Letzten Endes gibt es Entscheidungen im Umlaufverfahren, wo manch einer dasitzt und sich fragt: Was ist denn da jetzt entschieden worden? Da wurden Änderungsanträge gestellt, weil man vorher die Dinge nicht diskutieren konnte. Ich weiß nicht, ob dann abgestimmt wurde. Ich glaube, es gibt danach, wenn diese Beschlüsse bestätigt werden sollen, noch sehr viel Diskussionsbedarf. Was dann durch die kommunalen Vertretungen an Ergebnissen bestätigt wird und Beschlüsse, die offensichtlich dann schon umgesetzt worden sind - - Dann wird es richtig interessant und heiß. Ich hoffe, dass die Kommunen alle im Ministerium anrufen und sich melden und um Lösungsvorschläge bitten.

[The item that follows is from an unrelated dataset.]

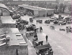 Snelle vooruitgang De Tweede Wereldoorlog was, zoals overal, een slechte periode voor de Groothandelsmarkt. Na afloop gingen de ontwikkelingen echter snel bergopwaarts. Er kwamen steeds meer grote bedrijven, die de kleintjes verdrongen, het assortiment werd uitgebreid en steeds meer vond het transport via de weg, met vrachtauto's, plaats. In 1961 werd de haven op het terrein dan ook gedempt en vanaf 1971 was het spoor ook overbodig geworden.

Weil immer gesagt wird, bei uns war so eine Riesennotlage, weise ich darauf hin: Wir waren das Bundesland mit der zweitgeringsten Infektionsrate. Alle anderen Bundesländer haben es geschafft, rechtssicher zu agieren. Daher sage ich: Wir müssen den Finger in die Wunde legen. Dieser Erlass hat zu rechtswidrigem Handeln in den kommunalen Gremien vor Ort, in den Kommunen, aufgerufen. Das ist nicht tolerierbar. - Danke.

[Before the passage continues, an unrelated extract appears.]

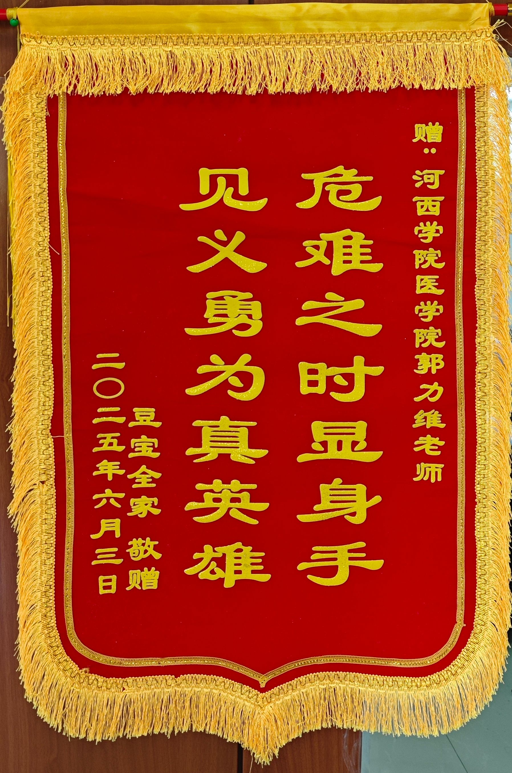 6月1日下午,在张掖市上秦山丹河流域,3522vip浦京集团官网生理教研室教师郭力维外出休假时,突然发现一名4岁女童不慎滑入湍急的河水中。由于水流湍急,女童瞬间被冲出数米远,仅剩头部在水面时隐时现,随时可能被急流吞没。危急时刻,郭力维不顾个人安危,毫不犹豫跳入河水中,迎着激流奋力将女童救起。上岸后,他运用医学专业急救知识检查女童状况,确认无碍后就悄然离开了。据悉,获救女童父母当时只知道救孩子的是一个身材高大的河西学院老师。事后被救儿童父母经过多方打听才找到3522vip浦京集团官网的郭力维老师,特地制作锦旗并送到学校,向郭老师致以诚挚谢意。

Danke schön, Herr Präsident. - Ich wollte nur klarstellen, damit es nicht falsch stehen bleibt: Der Oberbürgermeister nahm in Magdeburg zur Kenntnis, dass der Stadtrat die Sitzung im März ausfallen ließ, noch bevor der Runderlass herausgegeben worden war. Er hatte daraufhin den Eindruck, es findet jetzt dauerhaft in vernünftiger Art und Weise keine Ratsarbeit mehr statt, und fing daher an, per Eilentscheidung Festlegungen zu treffen. Erst als der Runderlass kam, sagte er für sich, jetzt findet Ratsarbeit wieder statt, und hörte mit seinem, wie ich meine, rechtswidrigen Tun, nämlich dem Erlass von Eilentscheidungen, auf. Dann hat der Runderlass in der Praxis in Magdeburg geholfen.